Before moving to Bell House in 1863, William Peter lived in Croxted House on Croxted Lane, where most of his ten children were born. Two of his sons, William and John, followed him into the family firm. William in particular inherited his father’s work ethic and in his spare time was something of an inventor, improving the machinery for separating cotton fibres from seeds. At some stage part of the family began to spell their surname MacAndrew, apparently to aid pronunciation in Spain and Portugal. Another son, James Child McAndrew went to New York and helped start MacAndrews & Forbes, a liquorice manufacturing and exporting company, financed by James’s uncle Robert as a way of adding cargo to his ships on their journeys from Smyrna (now Izmir) where he was trading cotton. It is possible that William Peter McAndrew visited Smyrna; as well as his cotton invention he reported to the Pharmaceutical Society on the efficacy of resin of scammony, a plant found in Smyrna and used as a purgative. MacAndrews & Forbes is now the holding company for billionaire Ronald Perelman’s empire, which includes a number of major companies such as Revlon.

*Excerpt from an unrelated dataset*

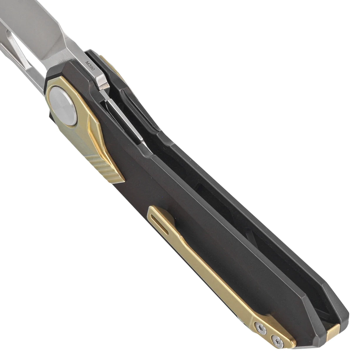 Nóż składany Remette RT-Peregrine Falcon Brown/Gold Titanium, Hand Grinding Pearlescent M390 (RTT1-B)

William Peter McAndrew worked hard in the family firm and in due course his two sons, William and John joined him. Even in 1861 when he was 70 years old, he still described himself as ‘foreign merchant of 57 King William Street’, his City office and a stone’s throw from where he had been born. In 1859 he and Ann lost their daughter Clara, aged 17; Ann herself died two years later. William Peter lived in Bell House as a widower. The 1871 census describes him as living in Bell House and as a ‘retired’ general merchant at the age of 80. Still living with him in Bell House were his children William, Mary Ann, Eliza, Susan and John, all unmarried, together with a butler, cook, housemaid and parlourmaid. Fanny and Harriet, the maids, would have spent hours each day cleaning as coal fires and gas lamps would have made the house dirty. Luckily the newly built railway was too far away to add to the dirt. Dulwich, however, was becoming bigger and busier: by 1871 the population was 4,041, having doubled in size over thirty years.
William Peter McAndrew died on 7 April 1871. His sons, William and John, oversaw the distribution of his estate: he left just under £70,000. He is buried with his wife Ann, in Nunhead Cemetery. His son William, who never married and lived at Bell House, died a year later in 1872.